Axiscades Technologies Ltd. is confident about achieving its billion-dollar revenue target by 2030, backed by strong growth across core domains and strategic investments, according to Chief Operating Officer D Murali Krishnan.
Krishnan outlined the roadmap that will help the engineering and technology solutions provider achieve its ambitious Rs 9,000-crore revenue target by the end of this decade.
"This confidence stems from our strong presence in key domains and a three-decade track record of delivering mature, market-ready products. told NDTV Profit in a conversation on Friday. "Currently, only 25% of our offerings are products, with the rest being services."
"Our goal is to flip this model to an 80–20 product-to-service ratio. With this strategic shift, we are confident in achieving our billion-dollar aspiration," he said.
Axiscades expects to drive steady and non-linear growth by investing in significant infrastructure for defence manufacturing, integration testing, and ESAI capabilities. In FY25, the company reported 15.1% adjusted Ebitda margin. Looking ahead to FY26, Krishnan stated that Axiscades expects around 50% increase.
"We are coming up with this infrastructure both in Bangalore and Hyderabad. So, this infrastructure will help us flip to not only a services company, but to increase our product manufacturing and MRO," he said. "So those things would help us push towards a billion-dollar company."
In FY26, Axiscades expects strong growth across core domains, including defence and aerospace, by 35%. This robust sectoral growth is projected to drive the company's top line to approximately Rs 1,500 crore.
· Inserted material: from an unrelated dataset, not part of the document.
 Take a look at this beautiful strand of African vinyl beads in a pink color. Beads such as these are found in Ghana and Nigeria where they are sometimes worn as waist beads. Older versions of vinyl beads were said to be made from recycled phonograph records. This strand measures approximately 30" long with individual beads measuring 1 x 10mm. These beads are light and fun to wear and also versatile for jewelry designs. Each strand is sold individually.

Regarding the modest growth in FY25, Krishnan attributed it to internal restructuring and a strategic refocus on core niche verticals.
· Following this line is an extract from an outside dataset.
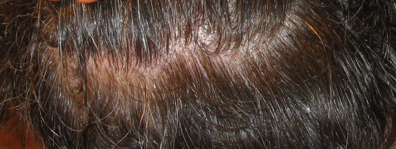 Dieser Patient hatte vorher eine Strip-Op mit schlechter Anwuchsrate.

"While we operate across many verticals, there are a few niche verticals that are strategic to the organization. Number two, post-Covid increases happened in sectors like aerospace, which have now come back after a strong dip," the COO said.
Some defence programmes are scheduled for 2026 instead of 2025, he said. "This is a known fact for us, and we are confident we will come back strongly in the years to come," he said.